Best results in major championships
- Masters Tournament: DNP
- PGA Championship: T65: 1984
- U.S. Open: T30: 1984
- The Open Championship: DNP

= Jim Albus =

American professional golfer (born 1940)

James Christian Albus (born June 18, 1940) is an American professional golfer.

== Early life and amateur career ==
Albus was born in Staten Island, New York. He attended New Dorp High School, and went on to Bucknell University, where he was a successful baseball player. It was while he was at college that he took up golf, which was unusually late for a future pro. He transferred to UCLA and graduated in 1965.

== Professional career ==
In 1968, he became a golf professional and worked as a club professional at courses that included La Tourette Golf Course and Piping Rock Club. He won a number of local and regional tournaments while he was a club professional and played in five U.S. Opens and seven PGA Championships. He was Met PGA Player of the Year in 1981, 1982, 1986 and 1988. Albus' greatest success came after he turned 50 and began playing on the Senior PGA Tour, now known as the PGA Tour Champions, where he has won six tournaments, including a senior major, the 1991 Senior Players Championship.

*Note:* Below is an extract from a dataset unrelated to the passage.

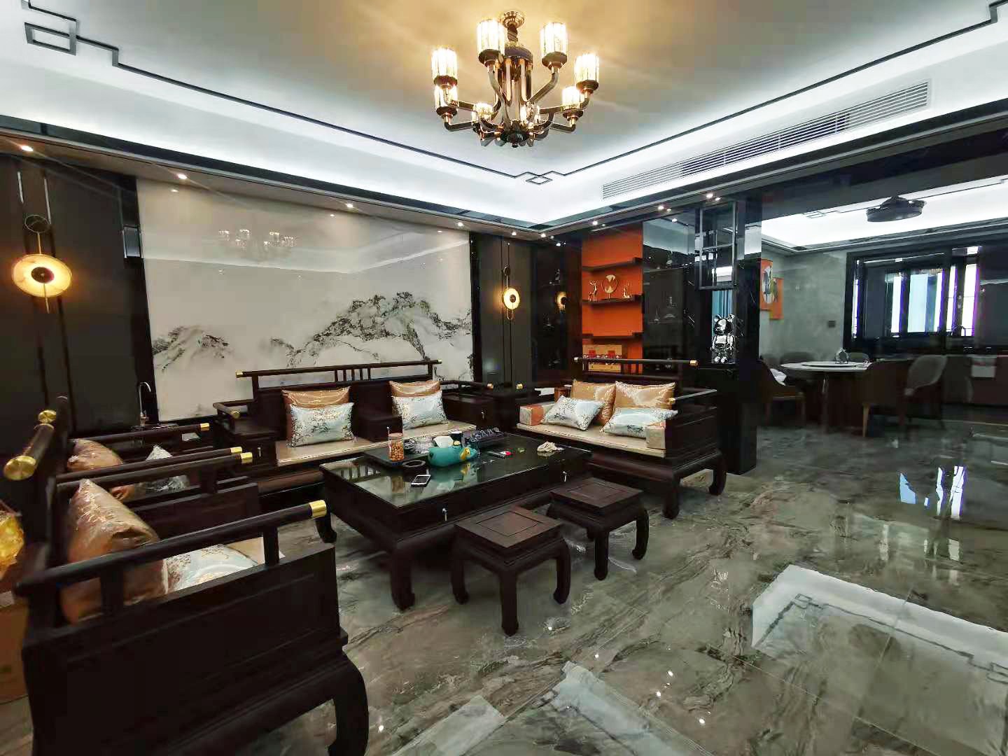 山水画背景石板瞬间将空间主人带入古典世界,新中式风格的韵味颇为浓郁。

Albus has been inducted into the Staten Island Sports Hall of Fame as well as the PGA Metropolitan Section Hall of Fame. He played his last event associated with the PGA Tour organization in 2009.

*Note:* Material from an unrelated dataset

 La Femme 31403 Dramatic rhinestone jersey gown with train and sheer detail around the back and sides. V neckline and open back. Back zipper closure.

==Professional wins (19)==
===Regular career wins (11)===
- 1970 Metropolitan Open
- 1975 Long Island PGA Championship
- 1976 Long Island PGA Championship
- 1978 New York State Open
- 1981 Metropolitan PGA Championship, Long Island PGA Championship
- 1982 Metropolitan PGA Championship
- 1984 Metropolitan Open
- 1986 Long Island PGA Championship
- 1987 Long Island Open
- 1988 Long Island Open

===Senior PGA Tour wins (6)===

| Legend |
|---|
| Senior PGA Tour major championships (1) |
| Senior PGA Tour regular events (5) |

| No. | Date | Tournament | Winning score | Margin of victory | Runners-up |
|---|---|---|---|---|---|
| 1 | Jun 9, 1991 | Mazda Presents The Senior Players Championship | −9 (66-74-69-70=279) | 3 strokes | NZL Bob Charles, USA Charles Coody, USA Dave Hill |
| 2 | Feb 21, 1993 | GTE Suncoast Classic | −7 (68-68-70=206) | 2 strokes | USA Don Bies, USA Gibby Gilbert |
| 3 | Mar 13, 1994 | Vantage at The Dominion | −8 (68-67-73=208) | 1 stroke | USA George Archer, AUS Graham Marsh, USA Lee Trevino |
| 4 | Aug 7, 1994 | Bank of Boston Senior Golf Classic | −13 (67-66-70=203) | 2 strokes | USA Bob Brue, USA Raymond Floyd |
| 5 | Mar 12, 1995 | The Dominion Seniors (2) | −11 (71-65-69=205) | 3 strokes | USA Raymond Floyd, USA Jay Sigel |
| 6 | Feb 15, 1998 | GTE Classic (2) | −6 (68-69-70=207) | 1 stroke | ESP José María Cañizares, ZAF Simon Hobday, USA Kermit Zarley |

Senior PGA Tour playoff record (0–3)

| No. | Year | Tournament | Opponent | Result |
|---|---|---|---|---|
| 1 | 1994 | GTE Northwest Classic | RSA Simon Hobday | Lost to birdie on third extra hole |
| 2 | 1994 | Golf Magazine Senior Tour Championship | USA Raymond Floyd | Lost to birdie on fifth extra hole |
| 3 | 1995 | Senior Tournament of Champions | USA Jim Colbert | Lost to birdie on third extra hole |

===Other senior wins (2)===
- 2001 Georgia-Pacific Super Seniors Match-Play Championship, Liberty Mutual Legends of Golf - Legendary Division (with Simon Hobday)

==Results in major championships==

===Timeline===

| Tournament | 1977 | 1978 | 1979 | 1980 | 1981 | 1982 | 1983 | 1984 | 1985 | 1986 | 1987 | 1988 |
|---|---|---|---|---|---|---|---|---|---|---|---|---|
| U.S. Open |  |  |  | CUT |  | CUT | CUT | T30 |  | CUT |  |  |
| PGA Championship | CUT |  |  |  | CUT | CUT | CUT | T65 | CUT |  |  | CUT |

Note: Albus never played in the Masters Tournament nor The Open Championship.

CUT = missed 36 hole cut

"T" = tied

==Results in senior major championships==
===Wins (1)===

| Year | Championship | Winning score | Margin | Runners-up |
|---|---|---|---|---|
| 1991 | Mazda Presents The Senior Players Championship | −9 (66-74-69-70=279) | 3 strokes | NZL Bob Charles, USA Charles Coody, USA Dave Hill |

===Timeline===
Results may not be in chronological order.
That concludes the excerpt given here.